*** Source records Section Begins ***
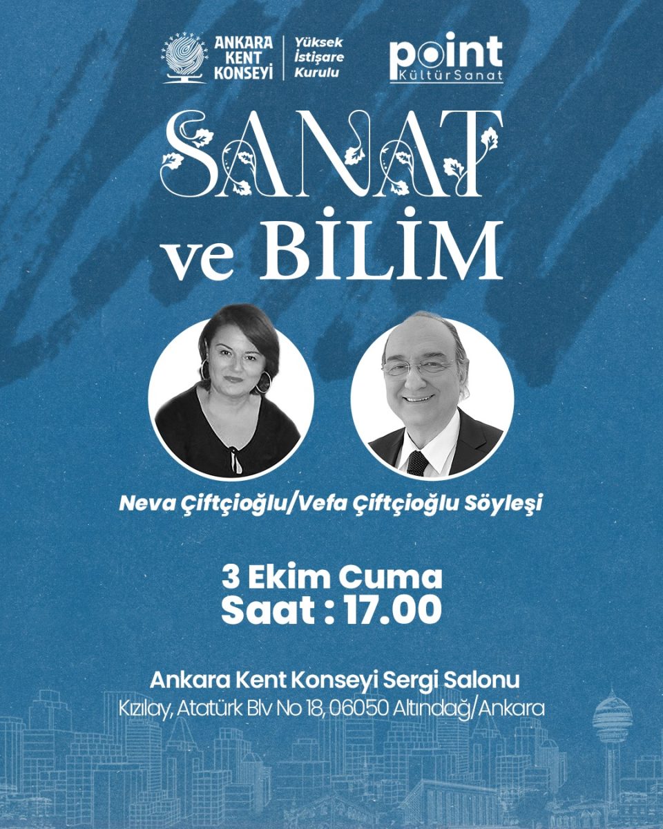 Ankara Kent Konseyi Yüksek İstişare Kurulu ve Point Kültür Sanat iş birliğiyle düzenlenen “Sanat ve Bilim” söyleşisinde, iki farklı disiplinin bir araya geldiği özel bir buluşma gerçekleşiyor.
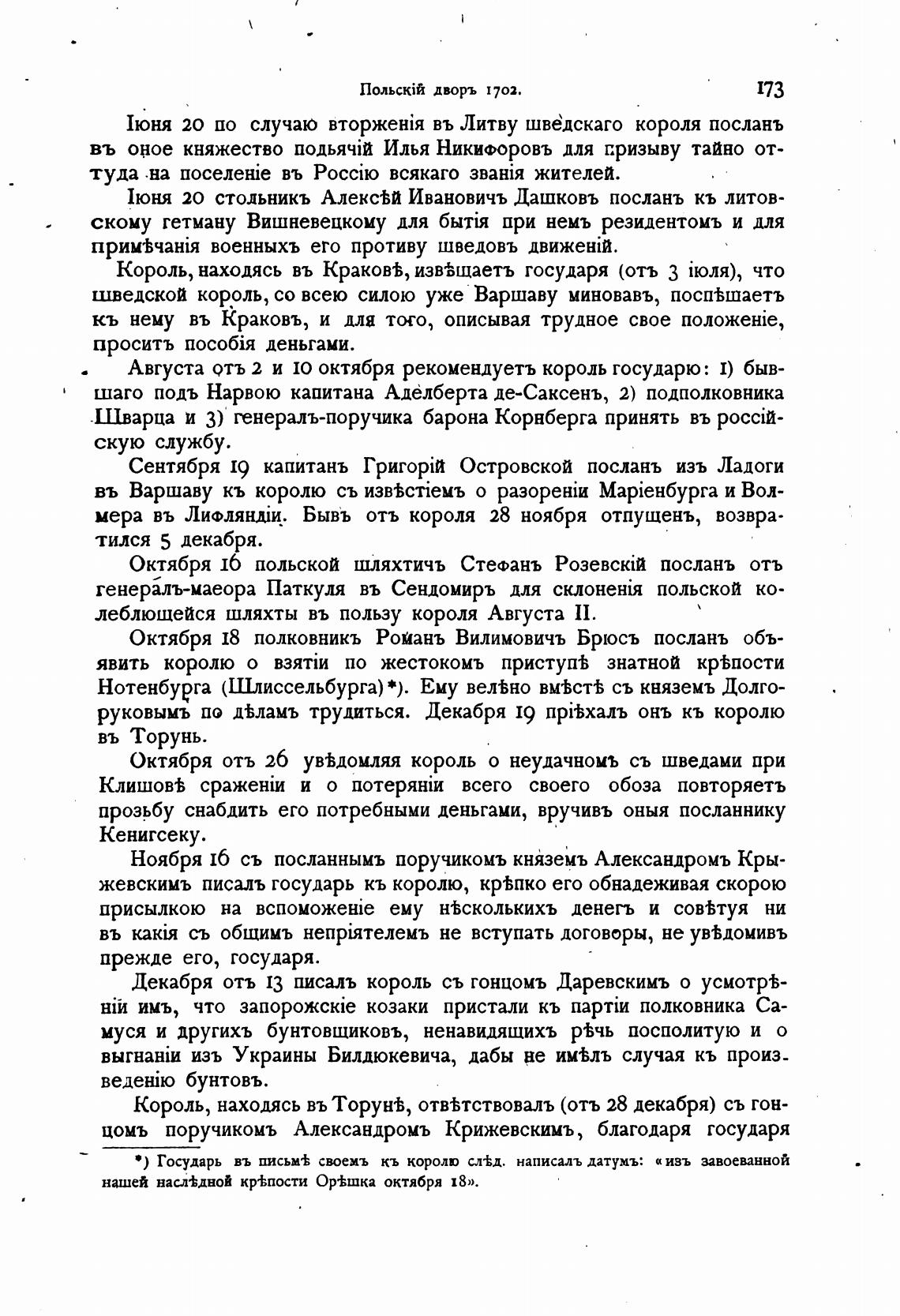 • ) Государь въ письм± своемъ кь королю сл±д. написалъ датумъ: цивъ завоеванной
*** Source records Section Ends ***
*** Source records Section Begins ***
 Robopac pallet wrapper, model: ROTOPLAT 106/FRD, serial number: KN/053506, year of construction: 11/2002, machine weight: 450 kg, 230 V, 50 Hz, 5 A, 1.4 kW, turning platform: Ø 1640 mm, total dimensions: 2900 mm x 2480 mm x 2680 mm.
*** Source records Section Ends ***
=== Task requirements ===
Using the records above, return word for word the lines that begin at the one containing "Ankara Kent Konseyi" and end at the one containing "датумъ: цивъ завоеванной", both of them included and no pictures.

=== Expected output ===
 Ankara Kent Konseyi Yüksek İstişare Kurulu ve Point Kültür Sanat iş birliğiyle düzenlenen “Sanat ve Bilim” söyleşisinde, iki farklı disiplinin bir araya geldiği özel bir buluşma gerçekleşiyor.
 • ) Государь въ письм± своемъ кь королю сл±д. написалъ датумъ: цивъ завоеванной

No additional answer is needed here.